Original log:
[{"username": "xxx", "event": "session_start", "event_category": "session", "timestamp": "2019-12-11 08:26:23.547000+00:00", "context_ip": "xxx", "context_page_referrer": "xxx", "context_page_url": "xxx", "context_page_search": null, "context_user_agent": "Mozilla/5.0 (Windows NT 10.0; Win64; x64) AppleWebKit/537.36 (KHTML, like Gecko) Chrome/78.0.3904.108 Safari/537.36", "context_data": null, "response": null}, {"username": "xxx", "event": "session_start", "event_category": "session", "timestamp": "2019-12-11 12:53:32.350000+00:00", "context_ip": "xxx", "context_page_referrer": null, "context_page_url": "xxx", "context_page_search": null, "context_user_agent": "Mozilla/5.0 (Windows NT 10.0; WOW64) AppleWebKit/537.36 (KHTML, like Gecko) Chrome/78.0.3904.108 Safari/537.36", "context_data": null, "response": null}]
Expected logs:
{"username": "xxx", "event": "session_start", "event_category": "session", "timestamp": "2019-12-11 08:26:23.547000+00:00", "context_ip": "xxx", "context_page_referrer": "xxx", "context_page_url": "xxx", "context_page_search": null, "context_user_agent": "Mozilla/5.0 (Windows NT 10.0; Win64; x64) AppleWebKit/537.36 (KHTML, like Gecko) Chrome/78.0.3904.108 Safari/537.36", "context_data": null, "response": null}
{"username": "xxx", "event": "session_start", "event_category": "session", "timestamp": "2019-12-11 12:53:32.350000+00:00", "context_ip": "xxx", "context_page_referrer": null, "context_page_url": "xxx", "context_page_search": null, "context_user_agent": "Mozilla/5.0 (Windows NT 10.0; WOW64) AppleWebKit/537.36 (KHTML, like Gecko) Chrome/78.0.3904.108 Safari/537.36", "context_data": null, "response": null}
Currently my used props.conf is:
[xxx]
SHOULD_LINEMERGE=true
NO_BINARY_CHECK=true
CHARSET=UTF-8
SEDCMD-remove_prefix=s/\[//g
SEDCMD-remove_suffix=s/\]//g
SEDCMD-removeeventcommas=s/}, {"username":/}{"username":/g
BREAK_ONLY_BEFORE=\{\"username\" <-- This one is not working
Output I am getting using above props.conf"

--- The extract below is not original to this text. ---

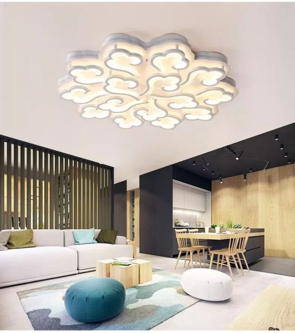 大气美观的吸顶灯向来是家庭装修中理想的灯饰选择,无论用在客厅还是卧室,都能给人带来不错的照明体验。但简单呆板的传统造型早就让人看厌倦了,于是在现代家装设计中,人们运用了测量空间、研究空间结构的几何概念,形状不一的几何形状,错落有致地填补了空白天花板。

{"username": "xxx", "event": "session_start", "event_category": "session", "timestamp": "2019-12-11 08:26:23.547000+00:00", "context_ip": "xxx", "context_page_referrer": "xxx", "context_page_url": "xxx", "context_page_search": null, "context_user_agent": "Mozilla/5.0 (Windows NT 10.0; Win64; x64) AppleWebKit/537.36 (KHTML, like Gecko) Chrome/78.0.3904.108 Safari/537.36", "context_data": null, "response": null}{"username": "xxx", "event": "session_start", "event_category": "session", "timestamp": "2019-12-11 12:53:32.350000+00:00", "context_ip": "xxx", "context_page_referrer": null, "context_page_url": "xxx", "context_page_search": null, "context_user_agent": "Mozilla/5.0 (Windows NT 10.0; WOW64) AppleWebKit/537.36 (KHTML, like Gecko) Chrome/78.0.3904.108 Safari/537.36", "context_data": null, "response": null}
I am doing these validation while uploading sample log file from WebUI and during 2nd configuration page of Add Data I am doing this testing.
What I am missing?
Use ONLY this (do not add any of the stuff that I dropped back in):
[xxx]
SHOULD_LINEMERGE=false
LINE_BREAKER = ((?:(?:^|\][\r\n]+)\[)|,\s+)\{"username"
NO_BINARY_CHECK=true
CHARSET=UTF-8
SEDCMD-remove_suffix=s/]//g
Never, EVER use SHOULD_LINEMERGE = true
and the BREAK_*
junk. I have only ever seen 1 time where it was necessary.
I'd recommend using explicit LINE_BREAKER
and SHOULD_LINEMERGE=false
. That is much more predictable and is also more performant.
Something like this should work for your data:
LINE_BREAKER = ([\r\n]*\[|,\s+)\{"username":
SHOULD_LINEMERGE=false
This also automatically takes care of stripping the leading [
or ,
in between records. Only SEDCMD needed is stripping of the trailing ]
. See: https://regex101.com/r/8zGyMS/1
Note: SEDCMD applies after line breaking.